Эйприл – безупречная, как я уже говорила. Так и слышу, как ты примешься меня утешать: «Да ладно тебе, что значит – безупречная?» Помнишь, как мы шпионили за ней: она с подружками играла в чаепитие и в дочки-матери с куклами, и мы решили, что никогда не станем такими, как они? На самом деле, я по-прежнему не хочу быть, как она. Но когда я смотрю на нее со стороны, она кажется мне такой благоразумной, такой воспитанной. Она прекрасно справляется со всеми домашними делами, шьет, вышивает, месит тесто: хлеб у нее получается просто объедение. И у нее всегда хватает терпения на Джун. (Я, к своему стыду, иногда выхожу из себя и оставляю Джун плакать, если мать не видит; а Эйприл – никогда: берет ее на руки и утешает, и всегда придумает, как отвлечь и развеселить). Эйприл послушная и прилежная. Когда отец задает выучить какой-то отрывок наизусть, она повторяет его, будто считалочку, перепрыгивая с ноги на ногу, даже если это, к примеру, очень серьезные наставления, – зато такой способ работает безотказно, и Эйприл всегда все выучивает. А я нет.

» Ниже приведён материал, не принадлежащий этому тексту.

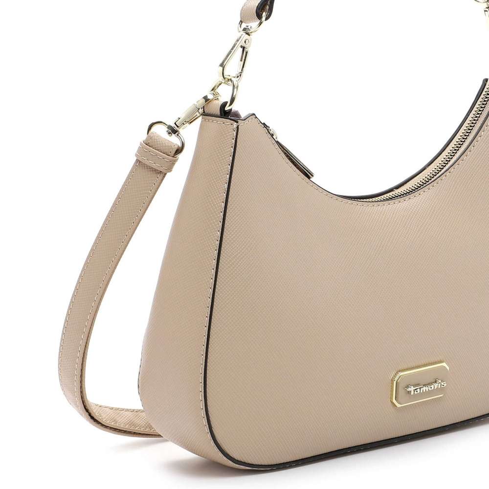 Tato kabelka Tamaris přináší nadčasový šarm v béžovém provedení s elegantním nápisem značky. Prostor k uložení vašich věcí je uzavřen zipem a obsahuje dvě menší kapsičky pro dokonalou organizaci drobností. Délkově nastavitelný popruh přidává flexibilitu při nošení a pevný popruh bude elegantní způsob nošení, navíc jsou oba odepínatelné. Celkově je tento model kabelky skvělou kombinací šarmu, elegance a praktičnosti, který se stane dokonalým doplňkem pro každou příležitost.

И вдобавок ко всему, она еще и красивая: серьезные голубые глаза, фарфоровые щечки (да, даже сейчас, при нашей деревенской жизни, она, в отличие от меня, никогда не снимает шляпку), светлые кудри, которые водопадом струятся по плечам, прямая спина, уверенная походка и грациозные реверансы… Она полная моя противоположность: я смуглая, как индианка, и вечно растрепанная, то и дело спотыкаюсь и налетаю на все углы. Она должна быть для меня примером, потому что она всегда на шаг впереди, она старше, и мне достаточно просто повторять все за ней, чтобы стать хоть в чем-то лучше. Но у меня не получается, просто не получается.
Повезло тебе, Марта, что у тебя только братья.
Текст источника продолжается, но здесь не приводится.